Merge-On-Write
Automatic split consolidation during write operations.
Overview
Merge-on-write evaluates after each write whether splits should be consolidated, reducing fragmentation automatically.
Configuration
// Enable merge-on-write
spark.conf.set("spark.indextables.mergeOnWrite.enabled", "true")

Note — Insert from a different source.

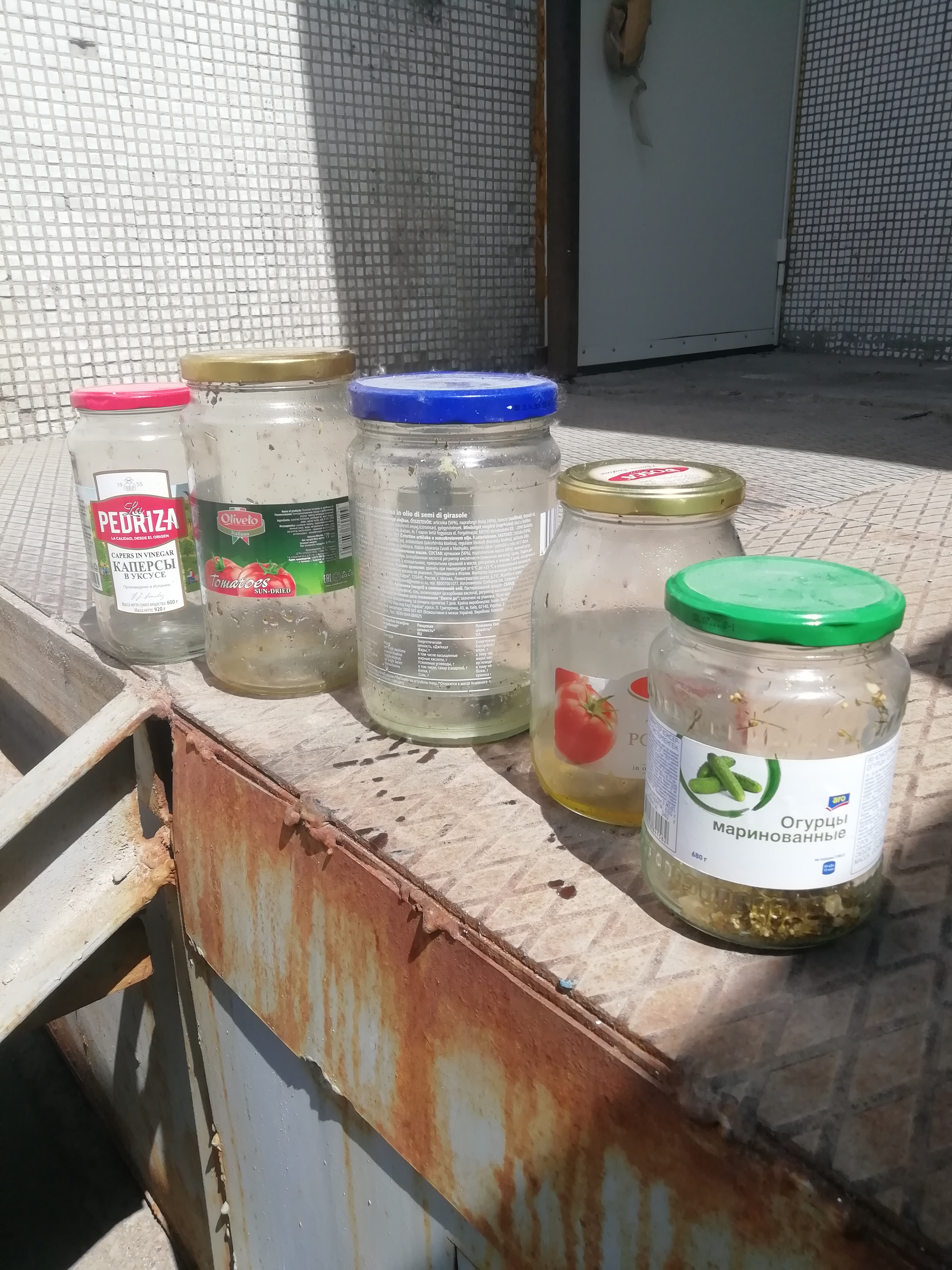 Стеклянные банки б/у с пищевого производства с винтовыми крышками из под соответствующих продуктов не мытые, в основном из под вяленых томатов (в масле) с широким горлом, очень удобные.

// Target merged split size
spark.conf.set("spark.indextables.mergeOnWrite.targetSize", "4G")
// Merge threshold multiplier
spark.conf.set("spark.indextables.mergeOnWrite.mergeGroupMultiplier", "2.0")
// Minimum disk space required
spark.conf.set("spark.indextables.mergeOnWrite.minDiskSpaceGB", "20")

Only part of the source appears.